# WR always opens to Eng-French, instead of Eng-Spanish



## Melita39

Hi,

WR always opens to English-French instead of the English-Spanish that I want.  Sure I can easily change it each time I use it, but that is several times a day.  How do I make it open to English-Spanish?  

Gracias,
Melita de Quebec


----------



## JamesM

Mine always opens to English Definition.  I believe it opens to what you used most recently.  I assume it uses cookies to store your last preference.

Do you have cookies turned off in your browser?  That might explain the behavior.

[edit]  Well, I just tested it and it always returns to English Definition for me, no matter what I have it set to when I close the window.  I wonder if it senses your language preference somehow.  I'm looking forward to hearing the answer to this question.


----------



## mkellogg

On the WR homepage?  It will follow your cookie if you have used the dictionary before (and so the cookie would be set to your last dictionary) and your country if not.  The default for Canada is probably French.

So, as James said, make sure that cookies are enabled!


----------



## JamesM

What about on the WordReference forum homepage, Mike?  It seems to revert back each time I visit WRF, but the WordReference home page remembers my setting.

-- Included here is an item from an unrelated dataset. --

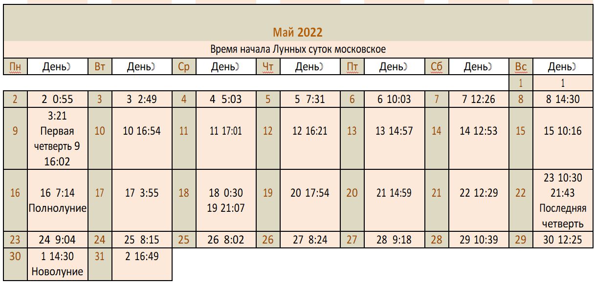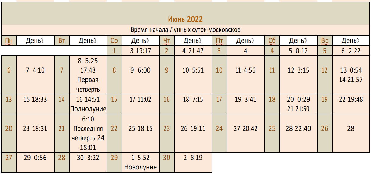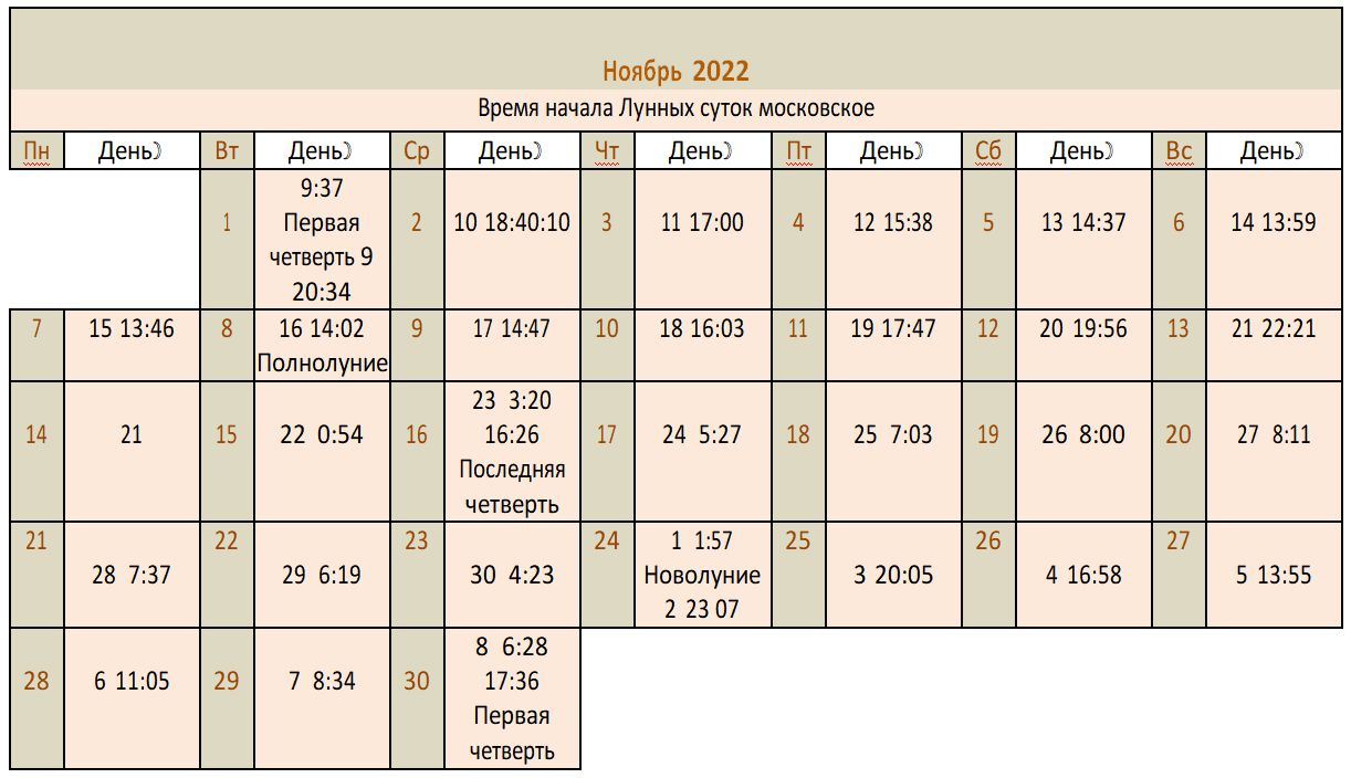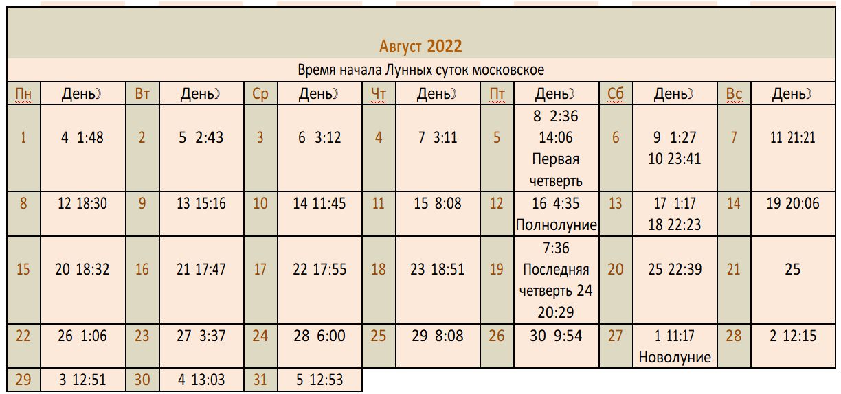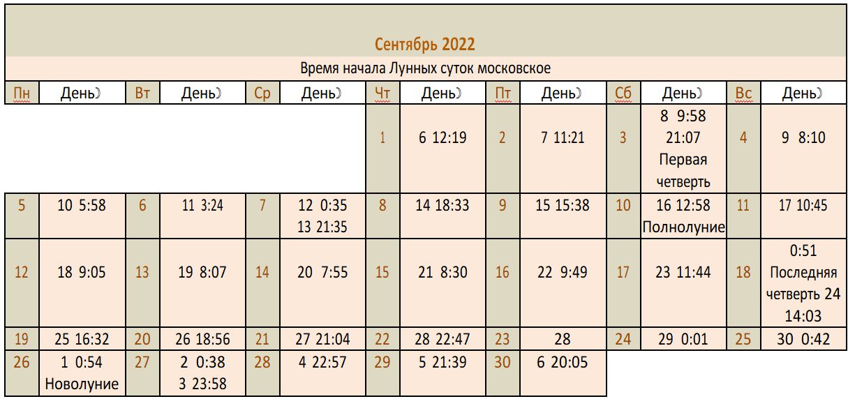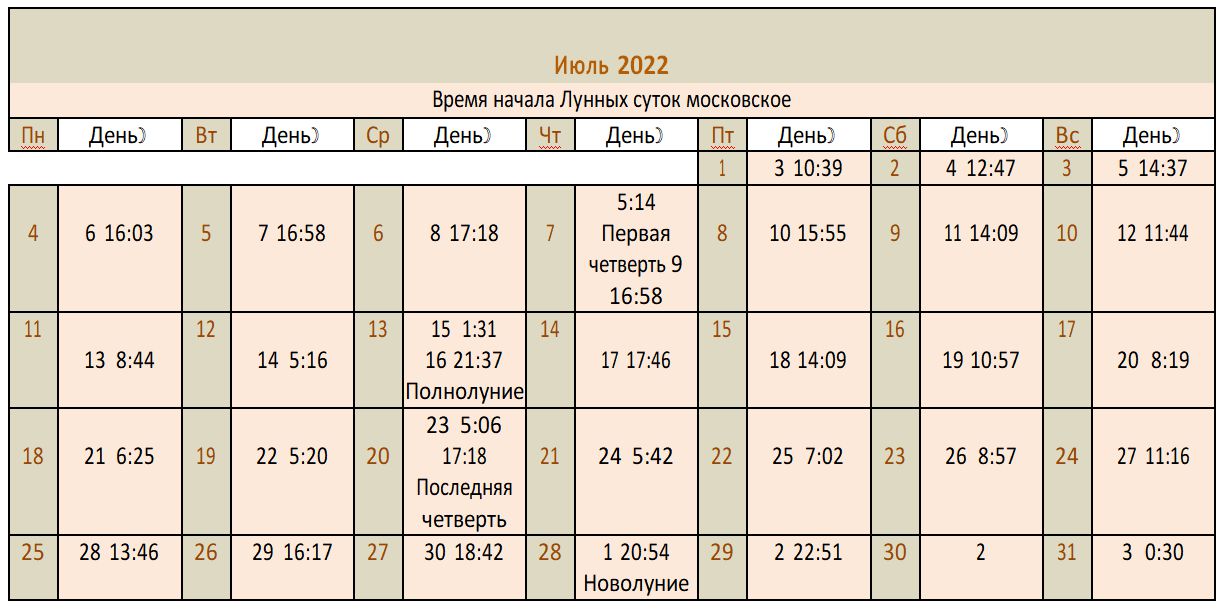 Лунный календарь 2022

[edit] My mistake.  Was switching back and forth between browsers, one of which had cookies enabled and the other didn't.


----------



## Melita39

Oh, oh, now it's worse!  I went to cookies and specifically added Word Reference.  Then I closed all Word Reference pages, deleted it from my home page and from my favourites.  I very unfortunately had previously looked up my own name, Melita, in Greek, now now it opens in Greek.  It's all Greek to me!  Melita (honey bee in Greek)


----------



## JamesM

The dictionary is set to Greek?  Just set it to something else, close the browser and start it back up.  It should save the new setting.


----------



## Tunalagatta

If you open the English-Spanish page, then drag the Word Reference tab icon onto your browser's toolbar at the top, the icon will be saved there: it will always open on En-Sp when you click on it, plus it just makes WR really easy to access (I only use Firefox so I don't know how it works with other browsers).


----------



## Melita39

Hi Tunalagatta,  I have Windows XP with Explorer 8 (upgrading to Windows 7 in a few days), and don't seem to have the drag option that you have with Firefox.  However, the problem appears to be fixed now. I again set WR to Eng-Span, then deleted WR from my favorites bar, closed all windows, turned off the computer, cut off a chicken head, read some tea leaves, stuck a needle in a doll, reopened all, opened WR, added WR to favorites bar, and so far so good.   Thanks for all your suggestions. 

Melita


----------